Mauritius economy: Better times ahead.

The Island nation of Mauritius, known for its sugarcane plantations, and tourism, is finding its way out of the recession. Tourism being the major source of foreign exchange, was hit by the declining arrivals of foreign tourists. Apart from tourism, the country earns foreign exchange from the export of sugar, textiles, clothing, and food products.

The Mauritian economy that had grown at 5% in the last few years, is expected to reach only 2.70% this year, according to forecasts of the country’s Monetary Policy Committee. The IMF had projected a growth rate of 2% for the country in 2009. The official projection of 2.70% growth is based on a smaller import bill this year on account of the fall in oil prices globally. Apart from imports of oil, the country sources its other requirements like foodstuffs, chemicals, machinery and equipment, mainly from India, and China, while it counts on France to pick up the bulk of its exported products.

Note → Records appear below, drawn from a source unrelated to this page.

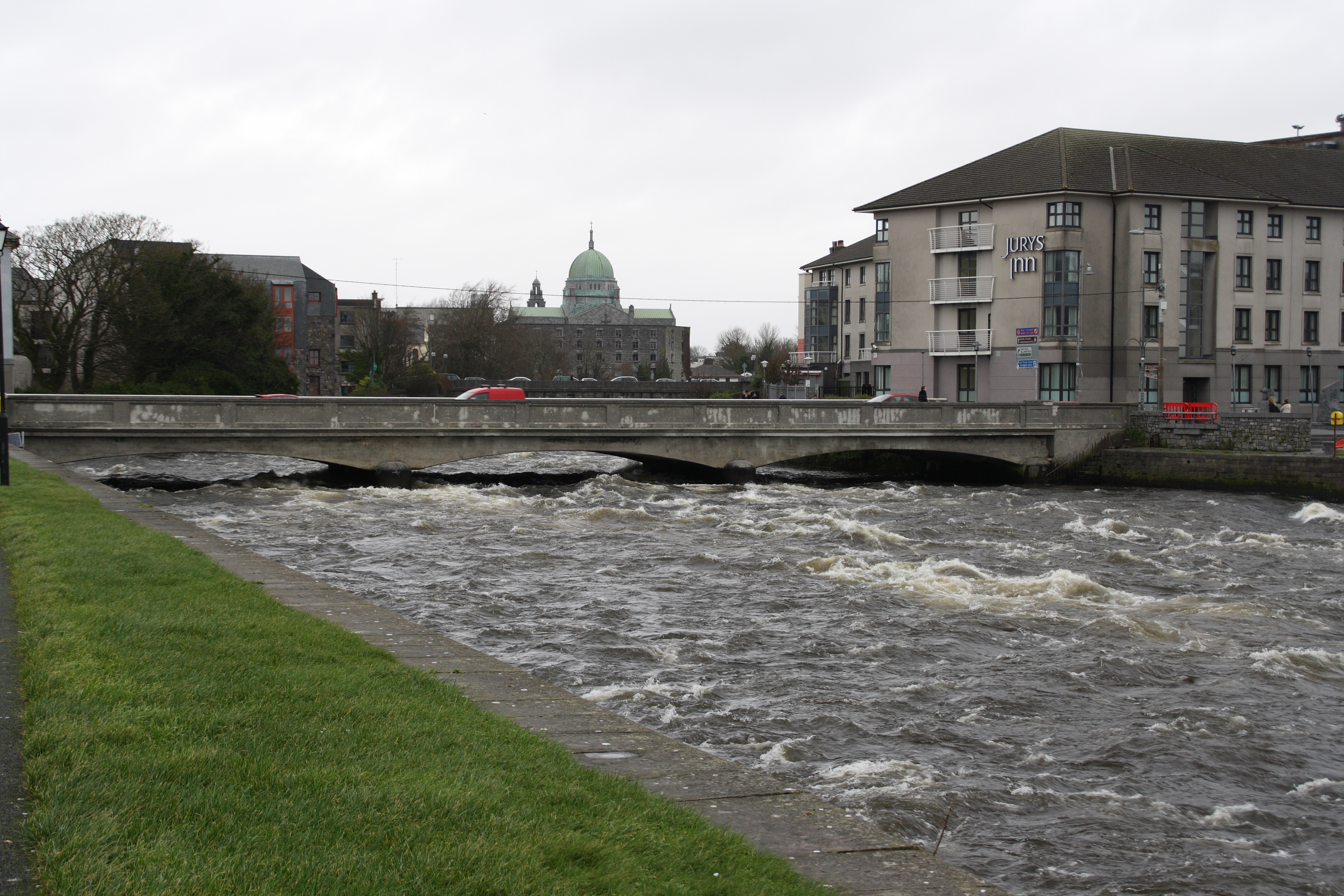 Galway Corrib River and Dome in background
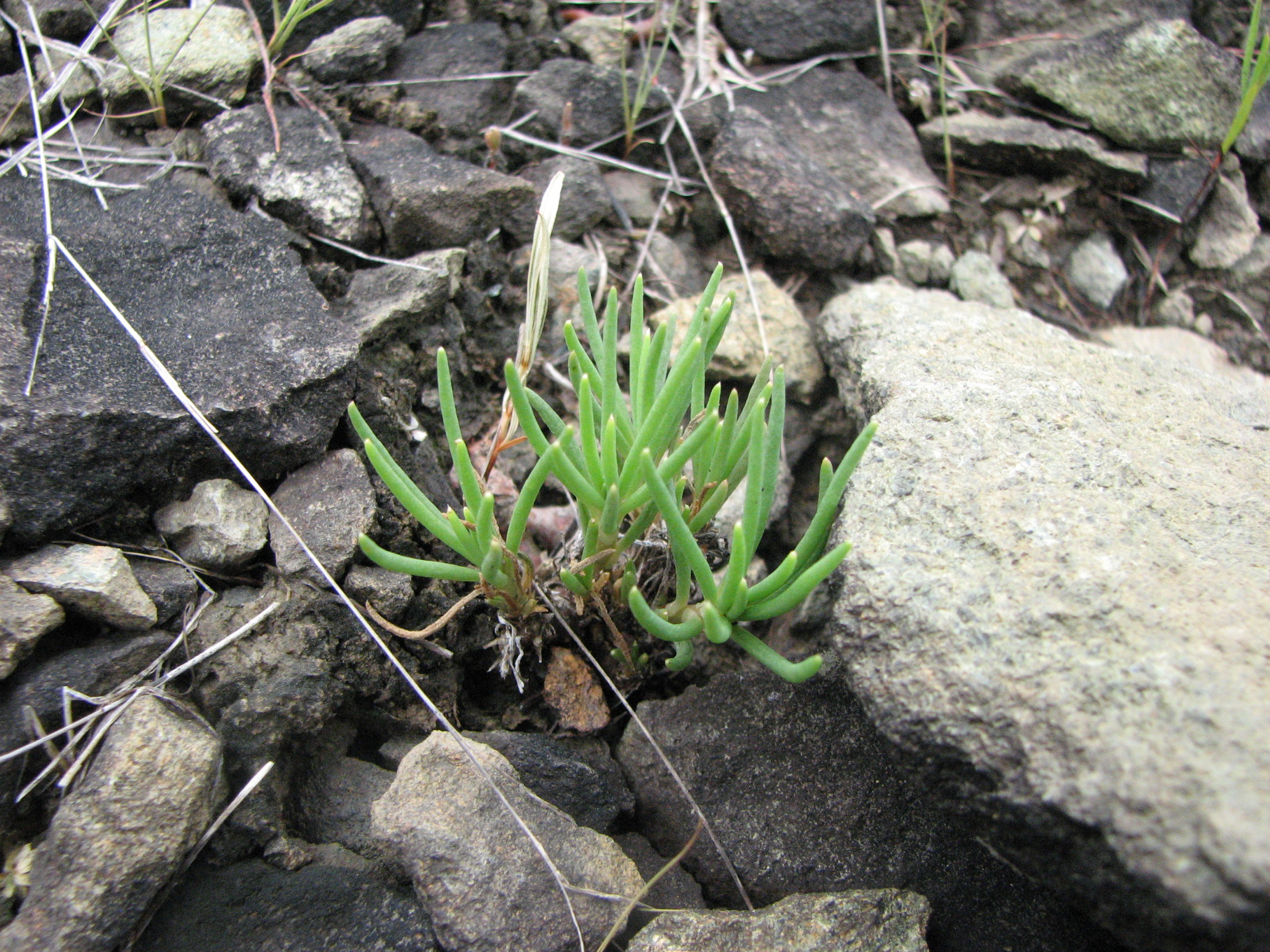 Phemeranthus teretifolius growing on serpentine barrens, Nottingham County Park, Nottingham, Pennsylvania.
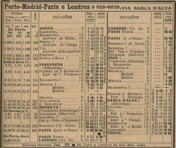 1913 timetable for the internacional trains from Porto (São Bento), in Portugal, to Madrid, Paris and London, via Barca de Alva. This image was published on the Guia Official dos Caminhos de Ferro de Portugal No. 168, of October 1913, and scanned by the Biblioteca Nacional de Portugal.
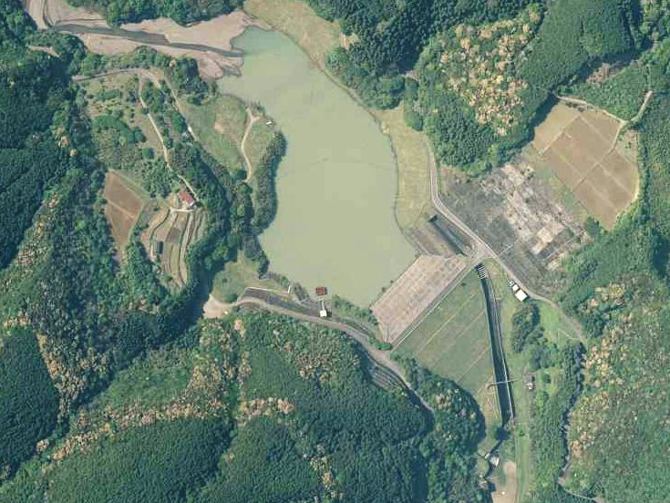 Seiganji Dam.

China has now come to play an important role in the country’s economy, with the establishment of the China Trade Zone, that is expected to boost exports by about USD 200.00 million per annum. The balance of trade deficit is slowly narrowing with the fall in oil prices.

Restoration of the exports sector is vital for the Mauritian economy to grow and prosper. As a matter of fact, the upbeat mood in the French economy is a welcome sign for the Island nation, that can look forward to more offtake of its products from France now. But it may be a bit premature to celebrate, as the recession in Europe and elsewhere will take some time to subside, and their economies look up once again.